One grant maintained school had £898,000 in the bank at the beginning of this financial year, the House of Commons Public Accounts Committee was told. On average, grant maintained schools had £80,000 in the bank while local authority schools had just £30,000.

The revelation has caused deepening anger among Labour MPs at a time when the Government is refusing to fund the teachers' pay settlement. Local authorities have been given a 1.1 per cent rise in spending for 1995-96 and thousands of teachers' jobs are threatened.

School governors have threatened to resign or to set deficit budgets rather than sack staff. Teachers have threatened to refuse to teach classes of over 30.

Alan Milburn, Labour MP for Darlington, said the money could have been used to make "substantial inroads" into the teachers' pay bill. So could the £45.5m spent in the past six years on grants transferring schools to GM status, he added.
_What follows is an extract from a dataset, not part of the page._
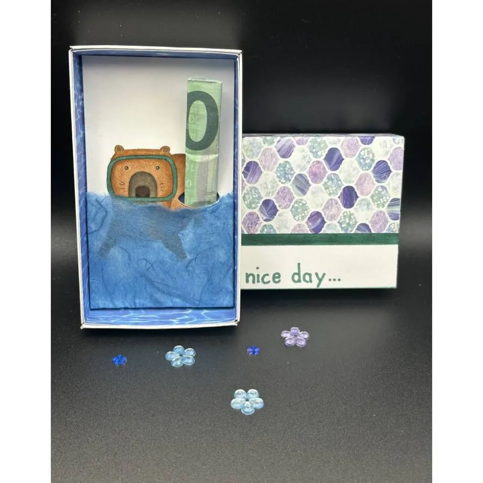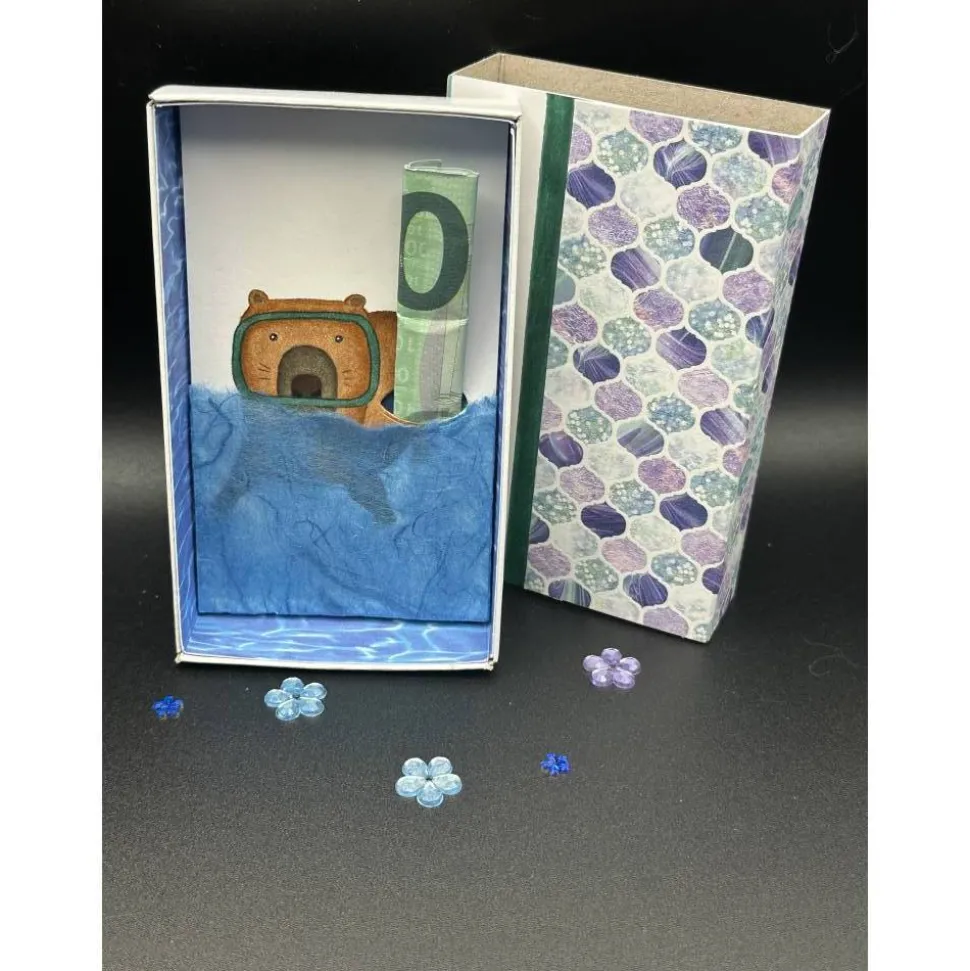 Verpacke dein Geldgeschenk oder deinen Gutschein auf besondere Weise! Mit dieser handgemalten Capybara Box, die mit einer türkisfarbenen Taucherbrille fröhlich im Wasser plantscht, sorgst du garantiert für ein Lächeln beim Beschenkten.

He said Gillian Shephard, Secretary of State for Education, had castigated local authority schools for holding £700,000 - an average of £30,000 - while for GM schools to be holding much more was regarded as prudent. Later he said: "It's a case of double standards. The committee can't have it both ways and neither can ministers."

Sir Tim Lankester, permanent secretary at the Department for Education, said grant maintained schools had higher bank balances because more were secondary schools and so had bigger budgets. "As regards the GM sector as a whole there is probably a good reason why they have higher reserves, because they don't have recourse to the local education authority if they get into difficulties," he said.
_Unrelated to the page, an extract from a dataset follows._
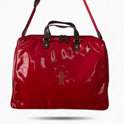 Premium Collection | Large Vegan Enamel Leather Briefcase with Genuine Leather Handles & Juggling Robot Print | Red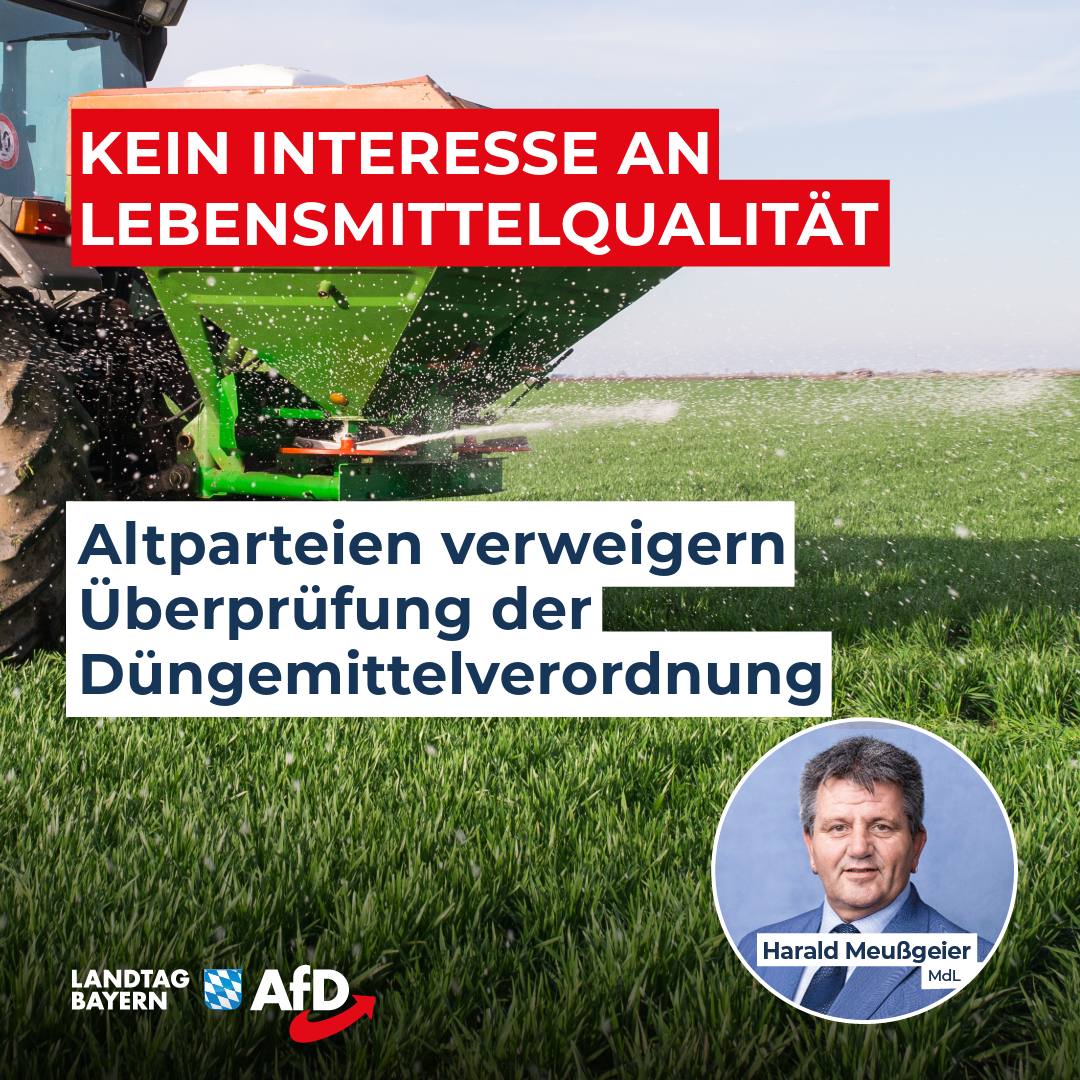 Die Verschärfungen der Düngeverordnung und die damit einhergehende Ausweisung von sog. Roten Gebieten stellen die Landwirte in Bayern vor enorme Herausforderungen. Eine umfassende Evaluation der Düngeverordnung in Bayern liegt bislang nicht vor, trotz der großen Auswirkungen. Die AfD-Fraktion im Bayerischen Landtag hat einen Antrag eingebracht, in dem die Staatsregierung aufgefordert wird, die Auswirkungen der Düngeverordnung auf die den Landwirten entstandenen [...]

Thirteen grant maintained schools have been given permission to hold more than 12.5 per cent of their annual budgets after the end of the financial year, the committee was told.
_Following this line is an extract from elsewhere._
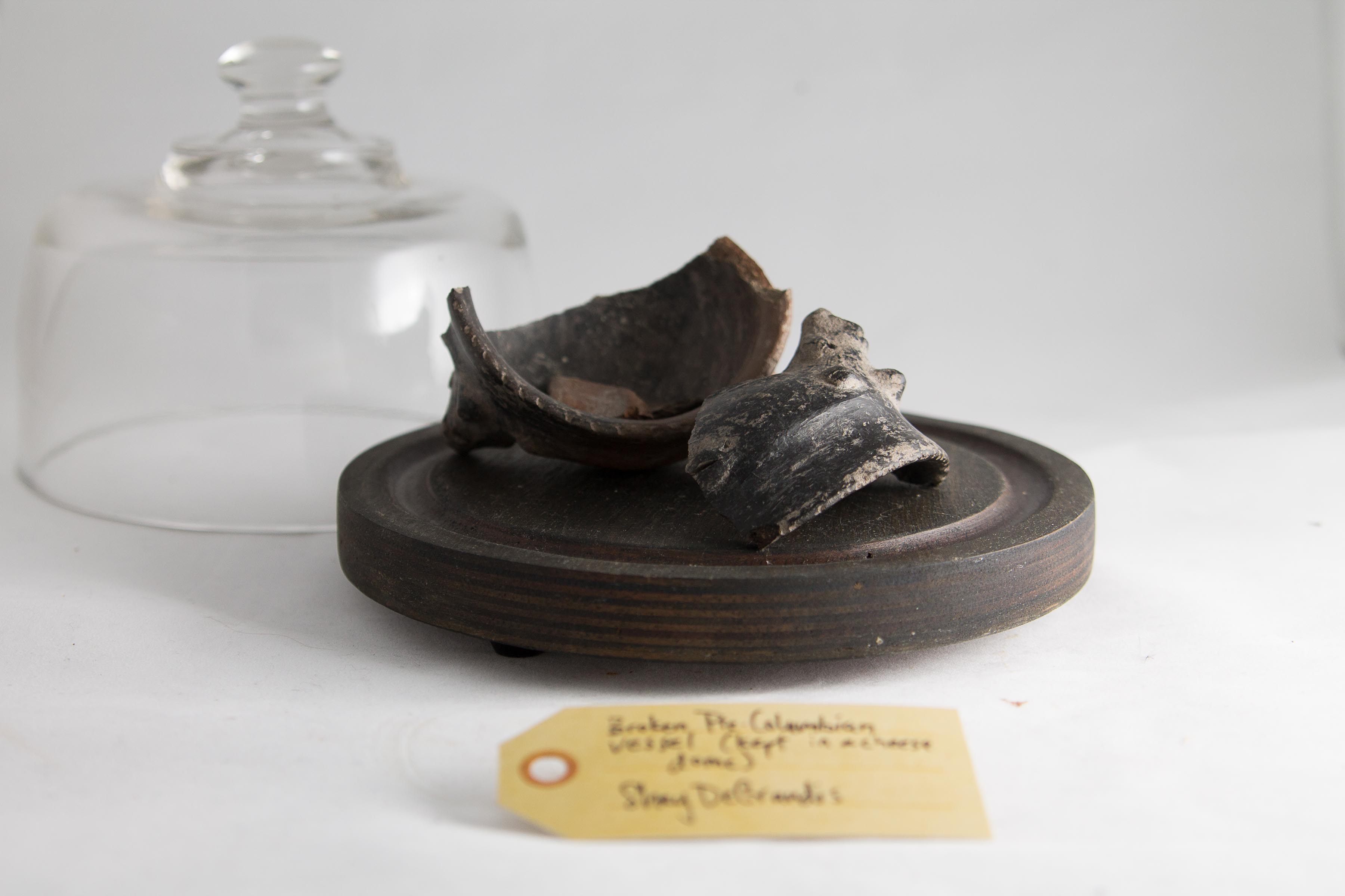He was a teacher so the most important thing to him about learning other cultures was sharing them with his students and so in his office he had a box of pre-Columbian artifacts. […] He would take them to class and let all the students touch them. […] After he passed away I ended up with them. […] So I have this pre-Columbian tripartite bowl that survived Incan culture and Conquistadores, and Columbus, and ravaged by disease and all sorts of Colonialism and the hands of SAIC students. And here it is, what’s left of it. […] I broke it while I was cleaning it survived all of those years and I broke it while I was cleaning. And I’ll never clean again.

It was also revealed that the school with £898,000 in the bank, Dunraven School, in Lambeth, south London, will receive an extra £525,000 by 1999 under a system which the committee had said should have been phased out within two years. Another, the Raine's Foundation, in Tower Hamlets, east London, will receive £654,000 under "double funding" which gives GM schools extra money to cover expenses usually met by local authorities.

Michael Collier, chief executive of the Funding Authority for Schools, which funds GM schools, said Dunraven had been holding back funds for specific building projects.

- School governors in Warwickshire meet tomorrow to discuss a mass resignation in protest over education cuts. Will Clare, vice-chair of a county primary school and the person behind the proposal, said: "We cannot accept this year's cuts, because next year could be worse.''

A survey by the Independent found that six local authorities expect governors to resign.